Kento hat sich wieder neben dir hingelegt, aber so, dass er in dein Gesicht schauen kann. »Ähm...also...der Kuss eben...«, stottert du herum.

»Er war ausversehen, oder?«, will er wissen.

»Nein, er war vollkommen beabsichtigt.«

»Der Kuss war schön. Auch wenn er kurz war, aber wir sollten uns jetzt wirklich ausruhen, damit wir fit für den Fluchgeist sind«, sagt er monoton.

Du rutschst langsam näher an Kento heran, was ihn dir Stirn runzelte lässt, aber er lässt dich machen, was du willst. »Weißt du, mein Bruder hat uns vielleicht verarscht.

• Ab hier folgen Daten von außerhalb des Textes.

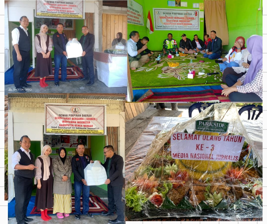 Bener Meriah, Satupena.co.id.– Suasana hangat penuh keakraban menyelimuti Kantor Sekretariat Bersama (Sekber) Wartawan Indonesia (SWI), Kabupaten Bener Meriah Senin (18/8/2025). Dalam rangka memperingati Hari Ulang Tahun ke-3 Media Nasionaljurnalis.com, manajemen Parkside Gayo Petro Hotel Takengon menyerahkan tumpeng sebagai bentuk apresiasi dan dukungan terhadap insan pers.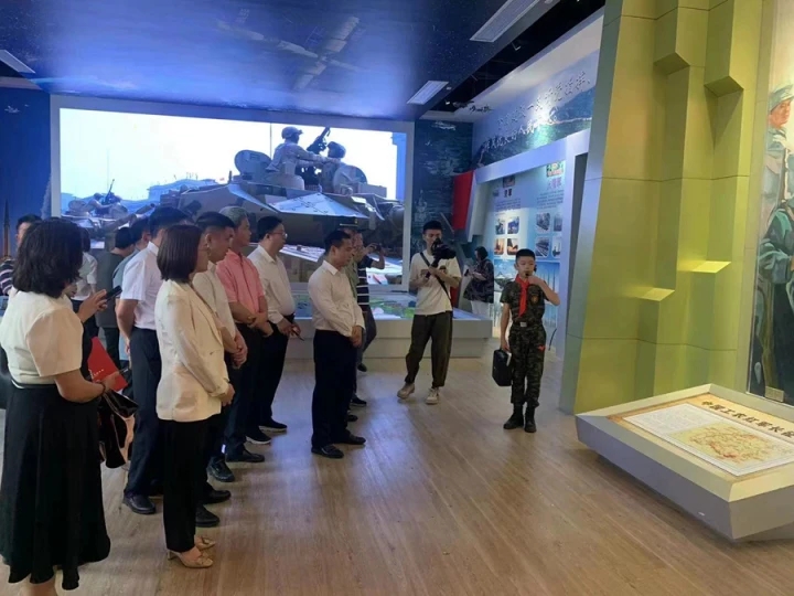 揭牌儀式后,在小小紅色講解員的引導(dǎo)下,與會人員來到新建成的全民國防教育展覽廳參觀。一段段記載崢嶸歲月的歷史事件以圖文并茂的形式,將大家?guī)霘v史隧道,感受硝煙彌漫的戰(zhàn)爭歲月,體會偉大革命精神。

Er hat es mir ergeben gesagt«, gestehst du ihm.

»Er hat was geta-?«, will er verärgert fragen, aber du lässt ihn nicht ausreden, sondern drückst ihm einen längeren und intensivieren Kuss auf den Mund.

Satoru wird dir das schon verzeihen, dass du ihn verraten hast, aber du willst nun mal nicht Kento anlügen, weil du es dir nicht ihm verscherzen möchtest.

Jetzt zählt nämlich nur noch er und du, was morgen ist, kann euch momentan egal sein und dein Bruder wird die Standpauke von Nanami schon überstehen, da bist du dir ganz sicher.